Why Did We Stop Using 'Thou'?
Beating people is not a good way to enact grammatical change
The word thou has a pleasingly anachronistic ring to it, calling to mind a simpler and perhaps more formal time, when people considered their words (so we might imagine) and respected their elders. Occasionally we receive letters asking why it is that the English-speaking people left this word by the roadside. Why did people stop using thou? Well, in some cases it could be because they were beaten when they said it.
Before getting to how fisticuffs functioned as an agent of syntactical change let’s back up a bit, and have a quick refresher on how this word functioned in the English language of yore.
In modern English we expect the word you to take a numerically ambiguous role, since it is used regardless of whether the speaker is addressing a single person or many. This was not always the case. Formerly we used thou as the second person singular pronoun (which simply means that we would use thou to address another single person). Thee was used in the objective or oblique case (when referring to the object of a verb or preposition), and thou was used in the nominative (when indicating the subject of a verb).
As Old English began to grow up a little, finally getting a job and moving out of its parents’ house, the singular use of thou began to change. The pronoun that had previously been restricted to addressing more than one person (ye or you) started to see service as a singular pronoun. Initially you was used to refer to a person of high social standing (such as royalty, who would be addressed as “your majesty”) but soon came to be used as well when speaking with a social equal.
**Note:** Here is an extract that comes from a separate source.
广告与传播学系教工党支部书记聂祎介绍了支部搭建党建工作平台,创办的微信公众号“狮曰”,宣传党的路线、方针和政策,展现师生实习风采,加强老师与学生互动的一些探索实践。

As a result, poor thou was downgraded, and was used primarily when referring to a person of lower social standing, such as a servant. However, this pronoun did not disappear, as it also functioned as an indicator of familiarity or intimacy, and retained its function as a singular form of address for God in many cases in ecclesiastical writings. We still see thou is some forms of modern use, such as in discussions of the “I and Thou” concept of Martin Buber’s philosophy, or in colloquial phrases such as “holier-than-thou.” For the most part, at least in normal linguistic use, thou has been largely supplanted in modern times by you, although it does exist still in certain dialects in Northern England and Scotland, as well as in the community of the Religious Society of Friends (commonly referred to as Quakers). This is where the violence comes into our story.
When this portion of our language began to shift there was a belief among many Quakers that the use of the singular you was inappropriate, on the grounds that it violated grammatical tenets, and enforced unwanted social distinctions. One of the founders of the Quakers, George Fox, felt strongly enough about this matter that he wrote an entire book on the subject (which was a bit longer than one might imagine it would be, taking up over 200 pages), published in 1660. The sentiments of this work were made quite clear in the title, which was “A Battle-Door for Teachers & Professors to Learn Singular & Plural; You to Many, and Thou to One: Singular One, Thou; Plural Many, You.”
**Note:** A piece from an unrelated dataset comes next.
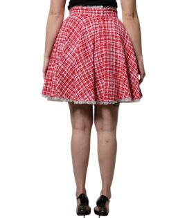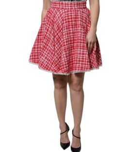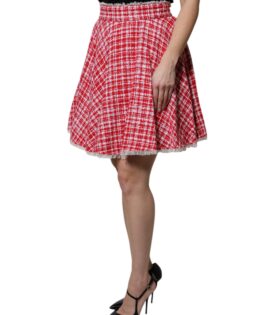 Dolce & Gabbana Red White High Waist A-line Above Knee Skirt

In Fox’s journal he explained how the general public reacted to his grammatical advice (not very well):
For Thou and Thee was a sore cut to proud flesh, and them that sought self-honour, who, though they would say it to God and Christ, would not endure to have it said to themselves. So that we were often beaten and abused, and sometimes in danger of our lives, for using those words to some proud men, who would say, “What! You ill-bred clown, do you Thou me?”
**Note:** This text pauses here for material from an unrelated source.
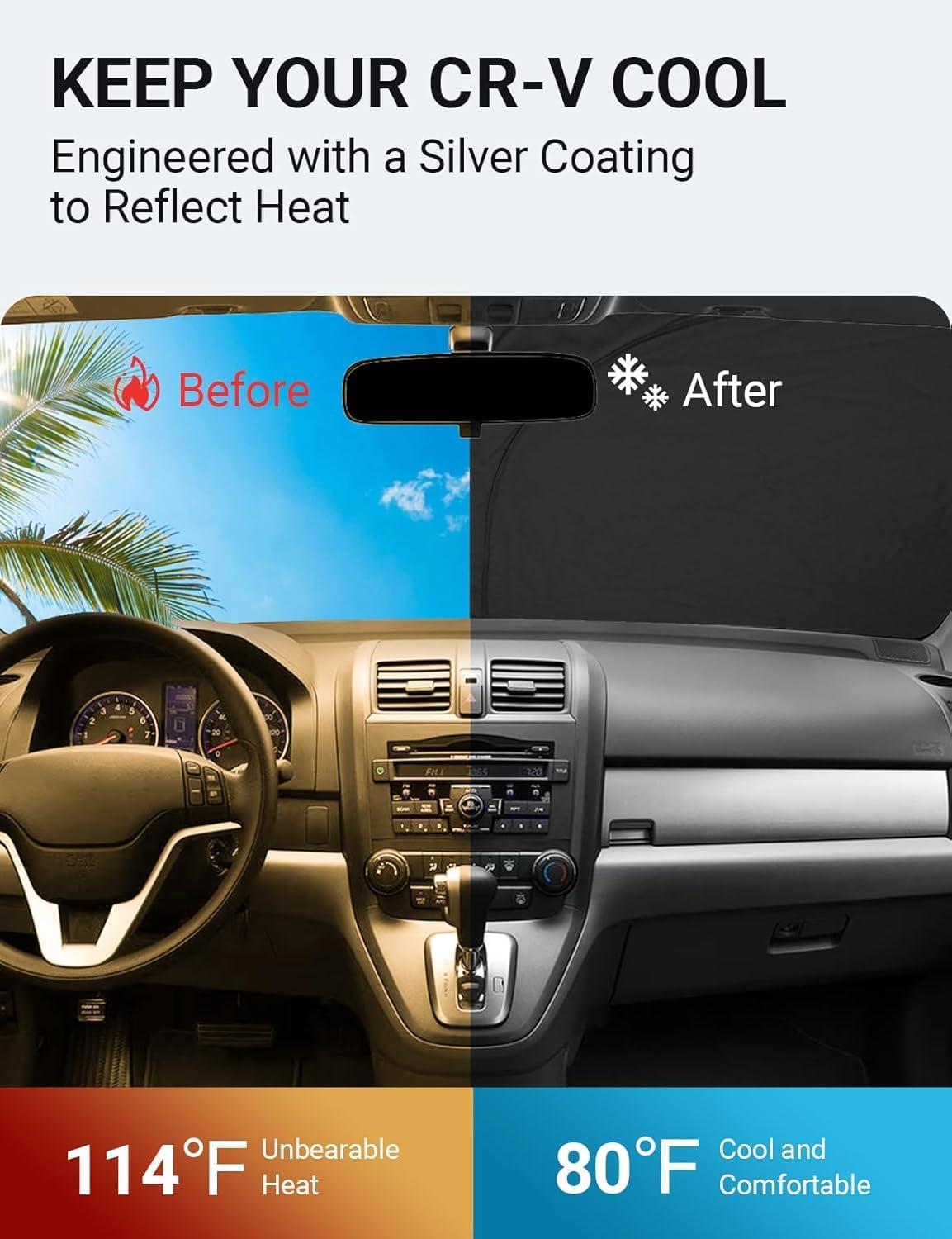 Proadsy 2025 Upgrade Windshield Sun Shade Custom Fit 2010-2016 Mercedes Benz E Class Foldable Front Sunshade Protector Sun Visor Blocks UV Rays Keep Car Cooler(2007-2011 Honda CRV)

—George Fox, A Journal, or Historical Account...., 1836
If truth be told, the fact that the Quakers were “often beaten and abused” did not seem to have very much effect on how they used thou, and since this form of the pronoun may still be found in communities of Friends today we must accept two things: the reason we stopped using thou as a singular pronoun probably did not have much to do with violence, and was due to normal forces of syntactical shift, and beating people is not a very good way to enact grammatical change.